I clearly understand the need to prevent agents of the State from committing abuses such as warrantless arrests and searches. No one wants to see overzealous detectives overstep the rights of the accused-- allowing one noble detective to overstep the lines will lead to other less noble ones doing the same and before we know it it's as if the Magna Carta never existed. There is a clear need to protect people from the State's agents given their immense powers.

But is it really in the interest of justice and human rights to overlook what we know is true? In the case above, two people committed crimes: Yakis and Brusko. If the judge does not admit the evidence and dismisses the case, Yakis and Brusko will both go free (ok, Brusko will have a bad day, maybe a stern warning from his boss) but the real victims-- the girl and her family-- will be denied justice. How can a wrong correct two wrongs?

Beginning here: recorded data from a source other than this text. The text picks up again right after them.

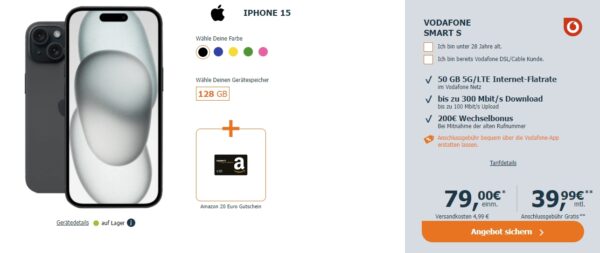 Schönes Angebot für all diejenigen die gerade nach einem Apple iPhone 15 samt Tarif im Vodafone-Netz suchen. 🙂
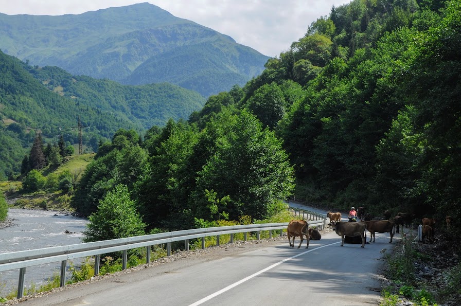 Продолжили движение. Мимо нас проносились сёла и маленькие города, горы и реки, реки и горы… Раскалённый асфальт быстро забирал последние силы. Мы аккуратно объезжали коров, умиротворённо лежащих на дороге. Машинально поднимали руку сигналящим, проносящимся мимо нас автомобилям в знак приветствия или понимания предупреждений.
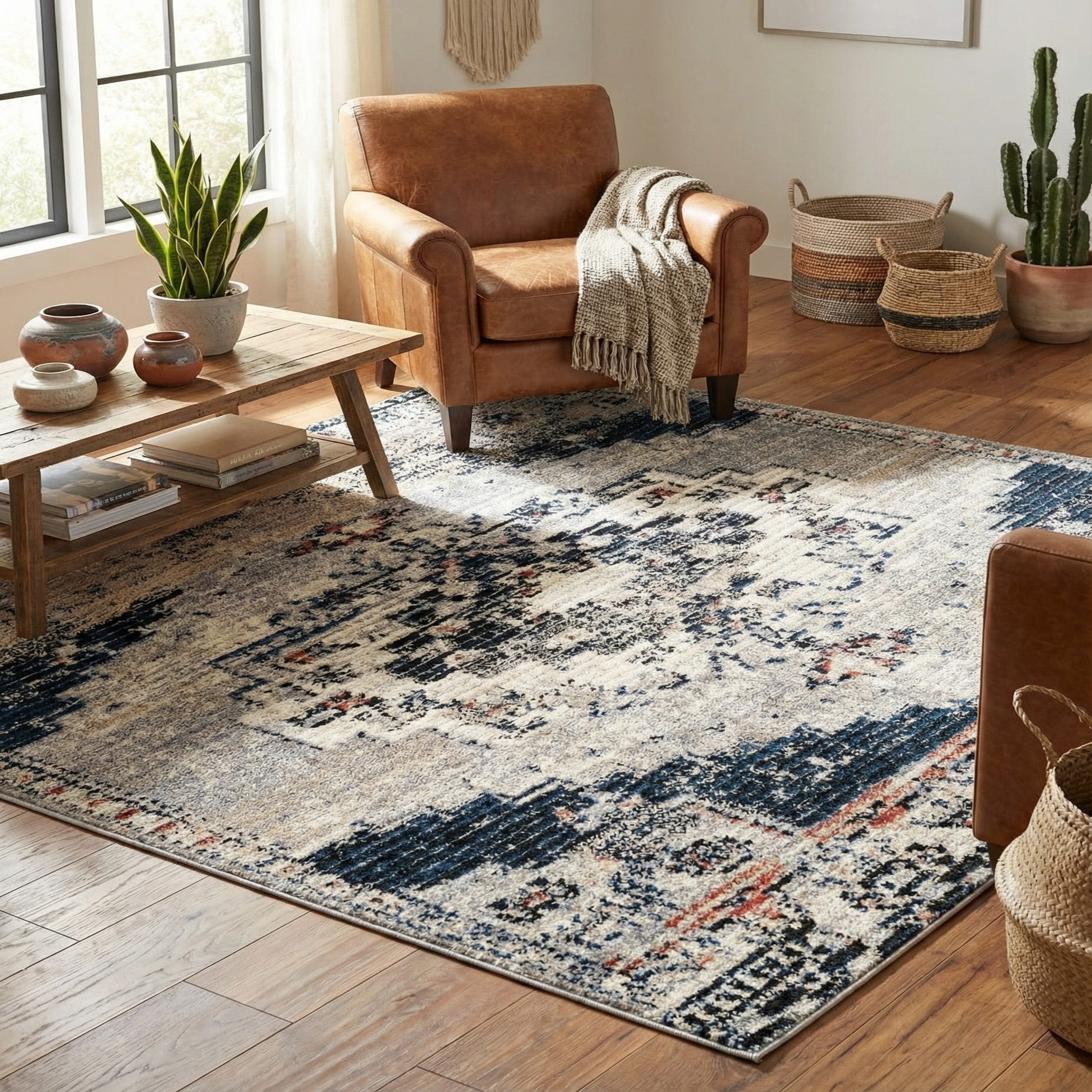 A central medallion and softened border motifs form a vintage-inspired pattern framed by a gray field. Ivory highlights define the medallion while navy blue and black anchor the corners, and rust red and beige accents punctuate the design for warmth and contrast. The overall look blends traditional medallion styling with a distressed finish that gives the pattern a lived-in, layered appearance.

I understand that the purpose of the doctrine on tainted evidence is to prevent abuses by agents of the State. But instead of completely ignoring the truth, even from tainted evidence, why not simply criminalise acts that taint the evidence? Say, life in prison for a warratntless search or illegal wiretap, or the errant cop joins the perp in jail for the duration of the latter's sentence. This way the criminal goes to jail along with the abusive agent of the State, giving justice to both the victims and the criminal justice system.

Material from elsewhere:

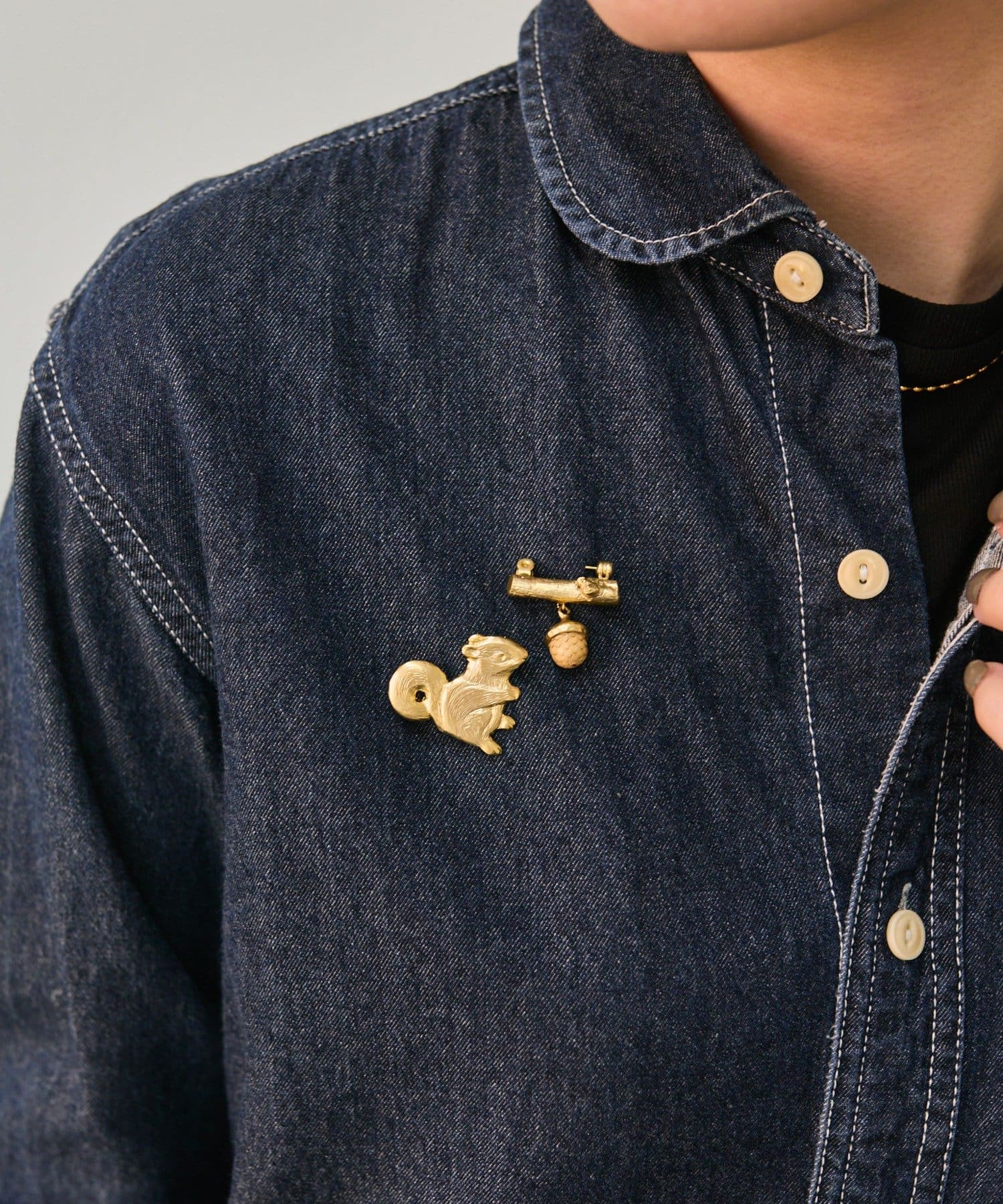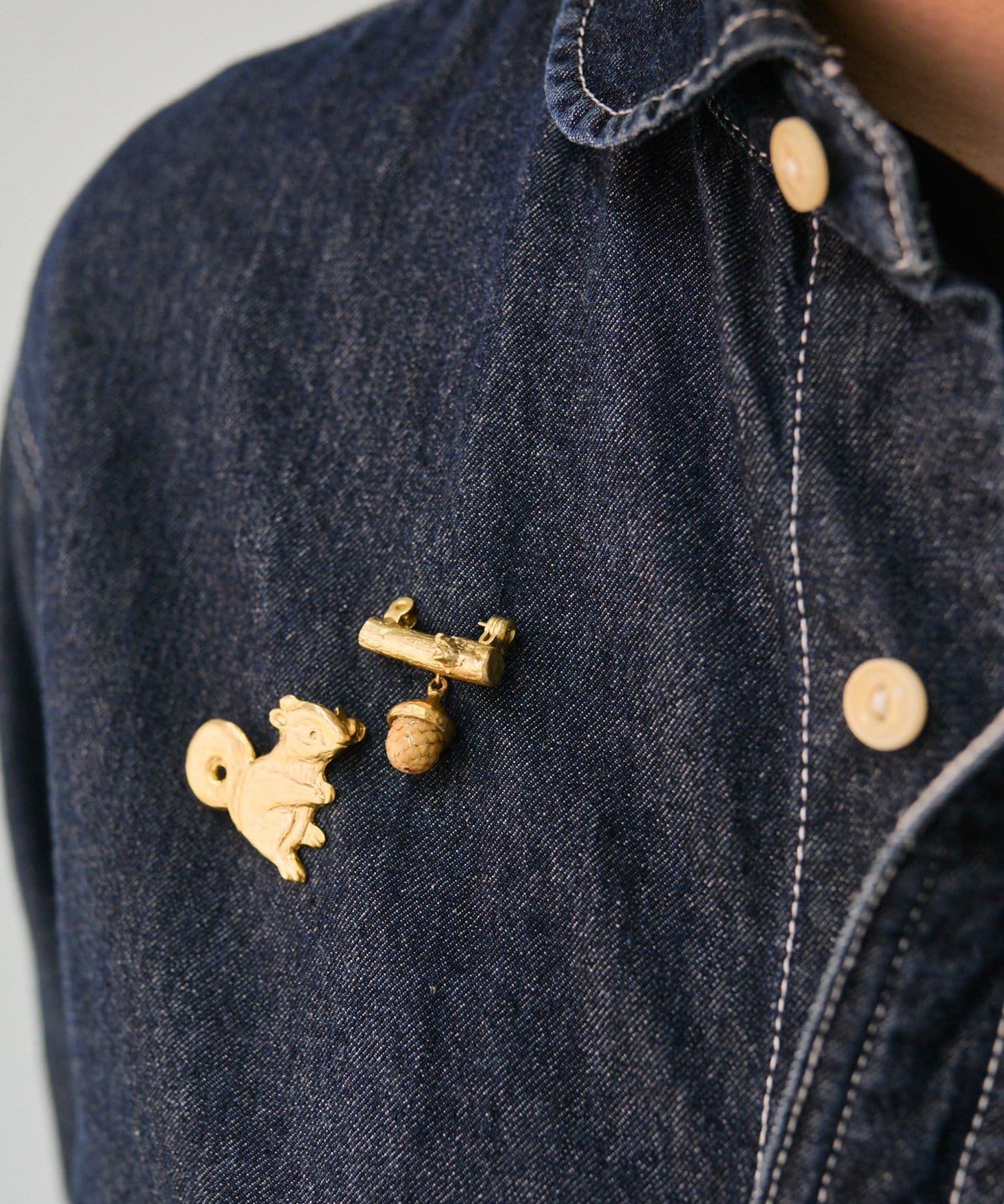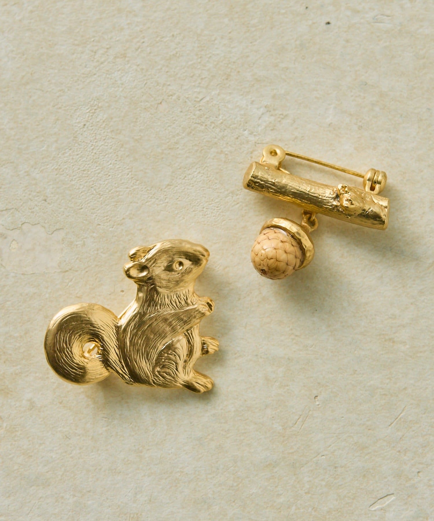 【ear PAPILLONNER】リスとどんぐりブローチ

I'm not arguing that the end justifies the means; on the contrary, agents of the State who abuse their power should be punished harshly, even as harsh as the criminals they convict. But I think it's wrong to deny the truth-- to pretend that what we know as true does not exist-- just to punish those who abuse their police powers. In fact, the present doctrine on tainted evidence is incentive incompatible-- those who abuse their powers (i.e., agents of the State) are not held personally liable for their actions. Their punishment, if you can call it that, comes mainly in the form of dismissed cases. There is a mismatch between the crime, which is a personal decision by the abusive agent, and the punishment, which is borne by society in the form of a dismissed case (not to mention a criminal on the loose). We want agents of the State to do their jobs well, within the bounds of the law, and respecting the rights of the accused-- I think the prospect of a long prison term provides more of a deterrent against abuse than potentially dismissed cases.

I can't see how ignoring facts, wherever they're from, helps the cause of justice. It's weak as a deterrent and does not really hit abusive agents of the State where it hurts. Now that we are considering revising the rules on criminal procedure and evidence, what is the philosophical reason not to change the doctrine on tainted evidence and fruits of the poisoned tree? Aren't justice and the justice system served by considering the facts-- all facts-- and punishing all who did wrong?

As I said earlier, I'm nowhere near an expert in legal theory and am not a practitioner of law. If you are, and you think I'm way off, please educate me.